WASHINGTON -- If it's any consolation to Yasser Arafat, he has a lot of company. The United States has a long history of trying to get rid of foreign leaders who don't measure up.
Some methods are more decorous than others. President Bush made known his desire that Arafat be removed in a nationally televised address.
Elsewhere over the years, U.S. efforts at regime change have been less gentlemanly. In this category are outright assassination, invasions, covert plots.
''Peace requires a new and different Palestinian leadership,'' Bush said Monday, his measured tones masking one of the most significant developments in America's long and sometimes tortured involvement in the Middle East.
Sometimes the United States, in its search for new leadership abroad, has the luxury of broad international support, as in the air and land campaign that led to the ouster of the ruling Taliban militia in Afghanistan last November.
Much of the world showed understanding for Bush's decision to use force against a government the United States said was complicit in the Sept. 11 terrorist attacks.
Bush also wants somebody other than Saddam Hussein running Iraq, and force is a strong possibility. If he chooses that option, however, international backing is likely to be scant.
The Europeans, so often with the United States during times of crisis, generally believe military action against Iraq would not have a legal basis. Most also firmly rejected Bush's demand that Arafat be removed as a condition for peace.
Latin America and the Caribbean have been favored hunting grounds for American presidents eager for regime change.
One example is Cuba, where a Senate committee found in 1975 there had been eight CIA-sponsored attempts on the life of President Fidel Castro. (Castro says there were many more.) A generation later, Castro is still around. The official policy nowadays is to apply pressure to nudge Castro into promoting democracy and free market changes.
The Bush administration is not fussy about who dismantles the totalitarian structure Castro has erected. If Castro himself does it, so be it. But no one is expecting that will happen.
Castro was also the protagonist of America's most embarrassing regime change initiative. He easily disposed of a U.S.-trained Cuban exile force at the Bay of Pigs in 1961.
President Clinton sent troops to Haiti in 1994 to oust a military clique that had seized power from an elected president three years earlier. Internationally, the invasion drew few protests, having received the blessing of the U.N. Security Council beforehand.

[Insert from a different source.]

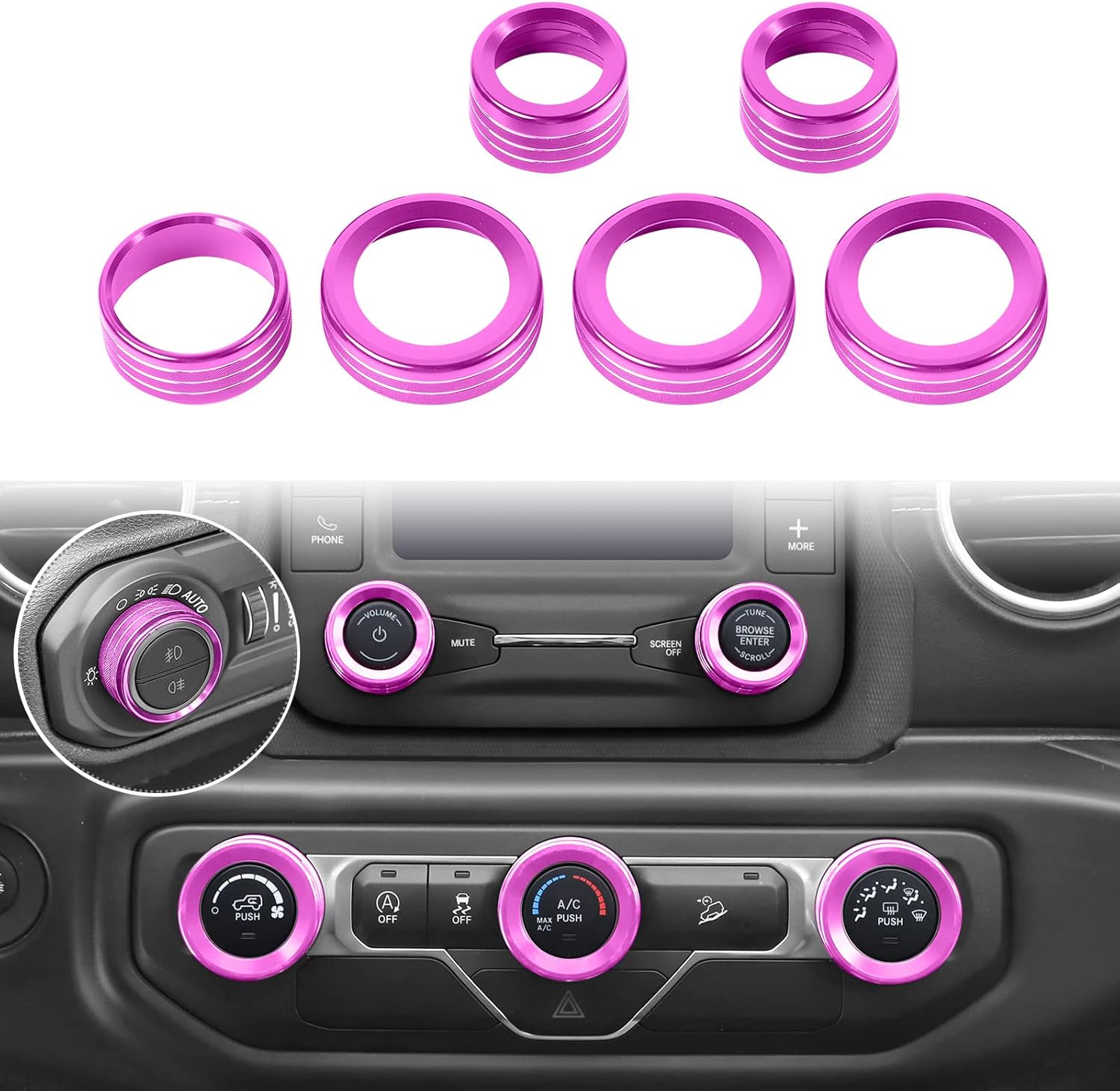 | Operation Mode | Air Conditioner Headlight Center Consoles Switch Knob Cover Trim for 2018-2025+ Jeep Wrangler JL JLU Gladiator JT Interior Accessories |
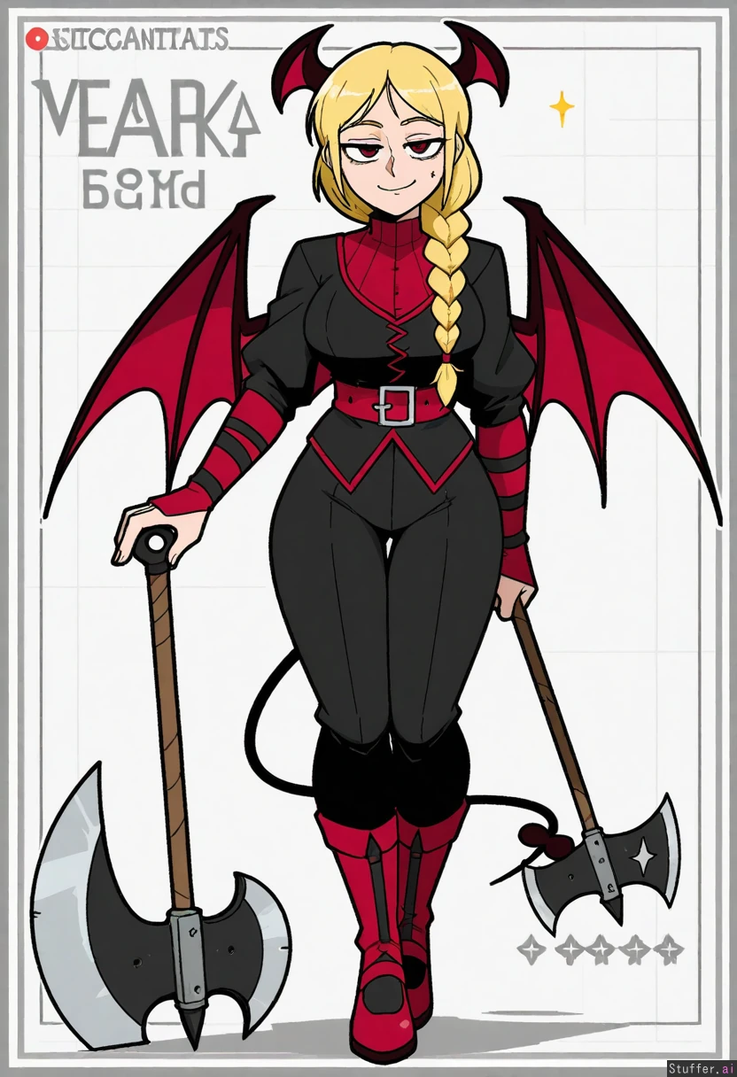 Vanripper, mark gavatino, stopu42 Character concept, simple white background, solo, full body shot, dim colours Fantasy, axe, succubus, bat wings Mature woman, long blond braided hair, beautiful, elegeant facial features, smug, proud

The first Bush administration sent troops to Panama in 1989 to evict and arrest Gen. Manuel Antonio Noriega, an anti-democrat who was wanted in the United States on drug trafficking charges.
Although much of Latin America felt the unilateral U.S. action was unwarranted, U.S. officials can respond that with Noriega gone, Panama has enjoyed 12 years of democratic stability.
President Reagan's administration sponsored a Nicaraguan rebel force to fight pro-Cuban Sandinista Daniel Ortega. Eventually, it was Nicaragua's voters who took care of that regime change, electing a moderate in 1990.
U.S. troops deposed a leftist government in Grenada in 1983. American jet fighters attacked Libya three years later, appearing to target the compound of longtime leader and American bugaboo Moammar Gadhafi at one point. He survived but now seems somewhat tamer than he once did.
Old timers can remember two early U.S. regime-change successes: Iran in 1953 and Guatemala in 1954, both orchestrated by the CIA.
Both resulted in the emergence of regimes friendly to the United States but with limited backing at home, partly because of poor human rights records.
In Iran, the long-term outcome was a major setback for Washington. An anti-American Islamic radical regime was installed in 1979 and remains.
Bush has branded Iran an ''axis of evil'' country but has not demanded new leadership there. The administration is counting on the Iranian people to bring that about.
George Gedda has covered foreign affairs for The Associated Press since 1968.